PSPDFKit · nickwinder · May 27, 2026 · May 27, 2026 · May 27, 2026 · May 27, 2026
diff --git a/CHANGELOG.md b/CHANGELOG.md
@@ -7,6 +7,23 @@ and this project adheres to [Semantic Versioning](https://semver.org/spec/v2.0.0
 
 ## [Unreleased]
 
+### Added
+
+- `client.parse()` — first-class support for the Data Extraction API
+  (`/extraction/parse`). Supports all four processing modes (`text`,
+  `structure`, `understand`, `agentic`) and both output shapes (spatial
+  elements and whole-document Markdown). Typed response model with
+  discriminated element variants (paragraph, table, formula, picture,
+  keyValueRegion, handwriting). Billed against **extraction credits**, a
+  separate billing bucket from the **processor API credits** used by the
+  other endpoints.
+- New types exported from `nutrient_dws`: `ParseResponse`,
+  `ParseInstructions`, `ParseMode`, `ParseOutputFormat`, `ParseElement`,
+  `ParseOutputBody`, `ParseOutputElements`, `ParseOutputMarkdown`,
+  `ParagraphElement`, `TableElement`, `TableCell`, `FormulaElement`,
+  `PictureElement`, `KeyValueRegionElement`, `KeyValuePair`,
+  `HandwritingElement`.
+
 ## [3.0.0] - 2026-01-30
 
 ### Security

diff --git a/README.md b/README.md
@@ -88,6 +88,133 @@ asyncio.run(main())
 
 For a complete list of available methods with examples, see the [Methods Documentation](docs/METHODS.md).
 
+## Data Extraction (`/extraction/parse`)
+
+`client.parse()` exposes Nutrient's Data Extraction API. It's designed for
+**content-extraction workflows** where you need to feed document content into a
+downstream pipeline rather than render or transform the document itself:
+
+> **Heads up — separate API key.** DWS Extract is a different product from
+> DWS Processor and has its own API key. Pass it as
+> `NutrientClient(api_key=..., extract_api_key=...)`; the Extract key is
+> used only for `parse()`, while every other method continues to use the
+> Processor key.

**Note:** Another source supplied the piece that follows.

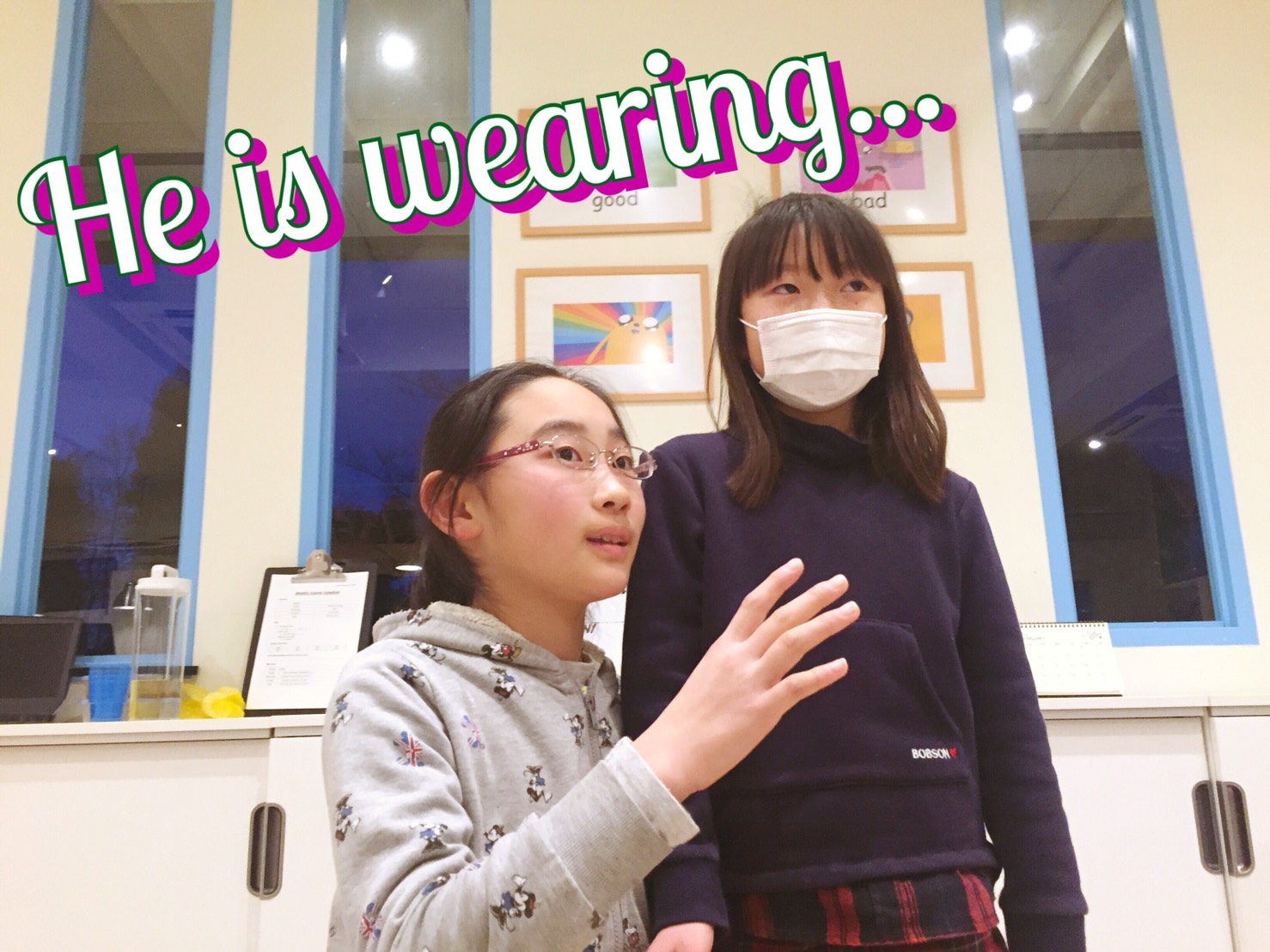 応用で”She/he is wearing 数字 +色 +目的語.”(彼女/彼は○個の〇色の○○を着ています)のセンテンスを作るゲームをやりました。

Using the Processor key against `/extraction/parse`
+> returns `403`. If `extract_api_key` is omitted, `parse()` falls back to
+> the main `api_key` — that path works once your tenant moves to global
+> DWS API keys.
+
+- **RAG (retrieval-augmented generation) pipelines** — pull a clean Markdown
+  representation of a document for chunking, embedding, and indexing in a
+  vector store.
+- **Search indexing and content migration** — convert documents into Markdown
+  for full-text search or for migration into a new content management system.
+- **Form and invoice extraction** — pull structured fields (key/value pairs,
+  tables, semantic regions) out of business documents with bounding boxes and
+  confidence scores attached to every element.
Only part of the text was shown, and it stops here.